Il n'y a pas de corbeaux en dehors de l'ancien majordome , au moins pour l'instant. D'abord le père Federico Lombardi, porte-parole du Vatican, ensuite la Secrétairerie d'Etat du Vatican avec une note officielle, ont retourné à l'expéditeur, à savoir le quotidien La Repubblica, la rumeur selon laquelle l'ex valet de chambre Paolo Gabriele, objet d'une enquête pour le vol de documents dans l'appartement papal et désormais en résidence surveillée avait des complices. La Repubblica publie des noms de poids: l'ancienne gouvernante du pape, l'allemande et fidèle Ingrid Stampa, l'ancien secrétaire de Benoît XVI Josef Clemens et le cardinal Paolo Sardi, qui depuis plusieurs années, collabore à la rédaction des textes pontificaux: trois personnes à un moment très proches de Ratzinger, et certains pensent qu'ils ont pu éprouver du dépit de n'avoir pu profiter d'une familiarité plus grande avec le Pontife.

Lombardi répond non seulement en expliquant que l'indiscrétion recopie "un article de Paul Badde, paru dans Die Welt en ligne il y a une semaine (le 15 Juillet) sans ajouter pratiquement rien, sinon des arguments non pertinents et interprétés de manière infondée", mais aussi en énumérant plusieurs démentis que le Vatican a récemment dû réserver à la Repubblica:
"A ce stade, il est temps de souligner - a dit Lombardi - que l'information donnée dans les articles de la Repubblica sur toute cette affaire a été particulièrement, et je dirais de façon inexplicable, caractérisée par des interventions que j'ai dû à maintes reprises et publiquement réfuter".
Et encore: "Je rappelle seulement quelques occasions parmi les plus évidentes. La présumée interviewe (jamais advenue) avec la femme de Paolo Gabriele, peu après son arrestation (27 mai); l'interviewe avec un monsignore non identifié indiquant l'existence d'une (totalement inexistante) équipe de 'relateurs' coordonnée par une femme, qui ferait des rapports directement au pape (28 mai); l'article sur un prétendu «hacker» (totalement inexistant) consultant du Vatican et soudainement disparu (14 Juin); l'indication des noms de trois cardinaux qui étaient interrogés par la commission de cardinaux (faux dans les trois cas) (19 Juin). Aujourd'hui, avec cet article copié presque littéralement de l'allemand, une semaine après, qui souligne à dessein comme «complices» trois personnes dignes d'estime et de respect, la mesure semble comble".
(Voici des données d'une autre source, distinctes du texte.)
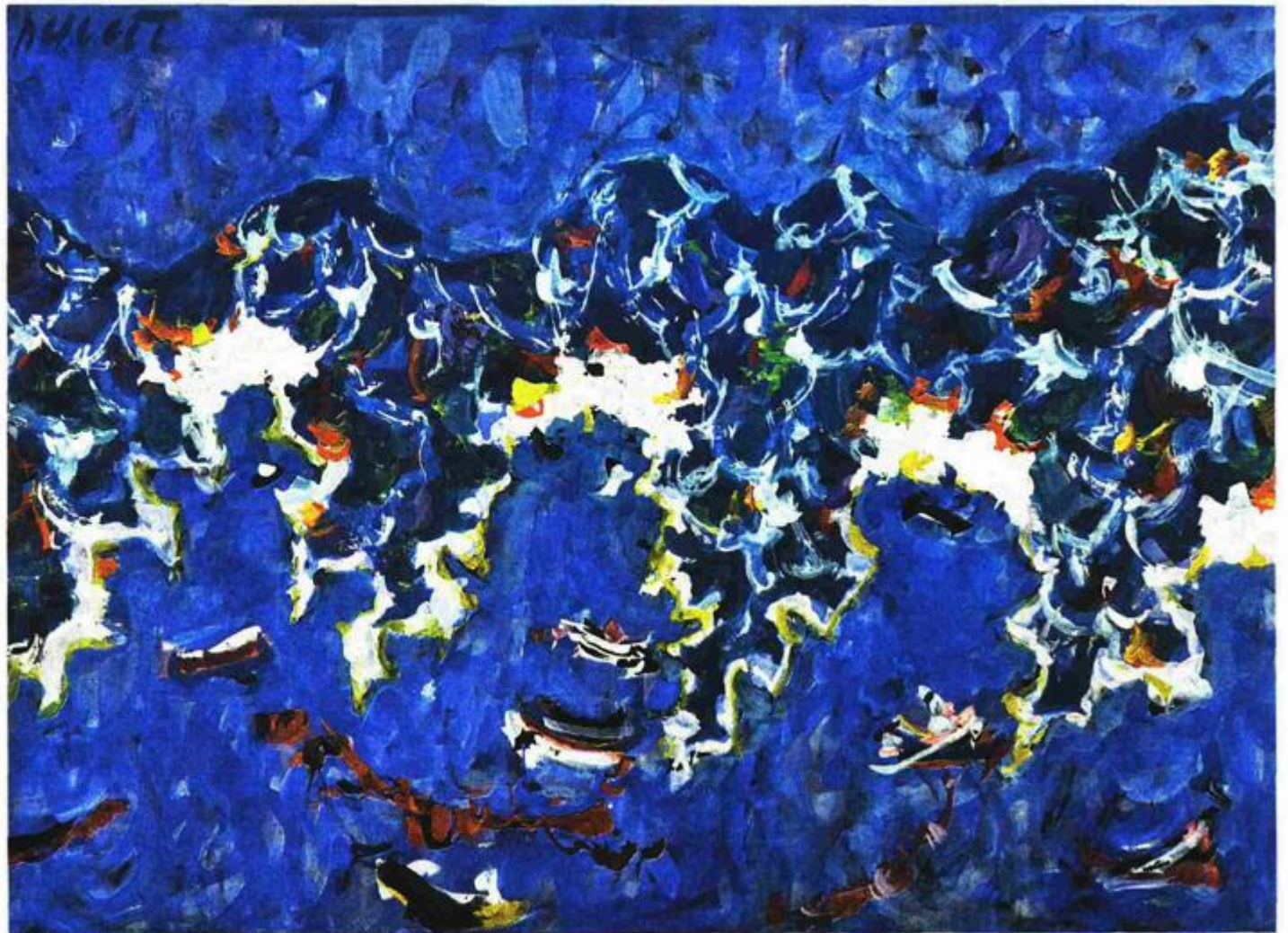
Hvarske vale , 1956.

Tematika je slikarstva Iva Dulčića krajolik, mrtva priroda, interijer, žanr-scene, nadalje čovjek, naizgled uobičajeni slikarski motivi koji majstorstvom slikara, finom kolorističkom gamom, suptilnošću izraza, postaju remek-djela stvarana toplinom i strašću iznimnoga stvaralačkog osjetila slikara iskonskog Mediteranca. Nasuprot figuraciji koju je ustrajno njegovao, pečat svojoj likovnoj osob-

La minutie de Lombardi confirme que pour le moment, pour le Vatican il n'y a pas d'autres suspects que Paolo Gabriele, ou du moins qu'il n'y en a pas parmi les personnalités à l'intérieur de la Curie romaine. Stampa, Sardi et Clemens, entre autres choses, "sont depuis de nombreuses années au fidèle service du Saint-Père", écrit la Secrétairerie d'Etat.

La nouvelle n'est pas négligeable , car elle dit une fois de plus qu'en interne, la thèse selon laquelle Vatileaks serait la fille d'une sorte de règlement de comptes entre factions opposées ne trouve pas de preuves. Ou que, de toutes façons, la thèse n'est aucunement prise en compte.
...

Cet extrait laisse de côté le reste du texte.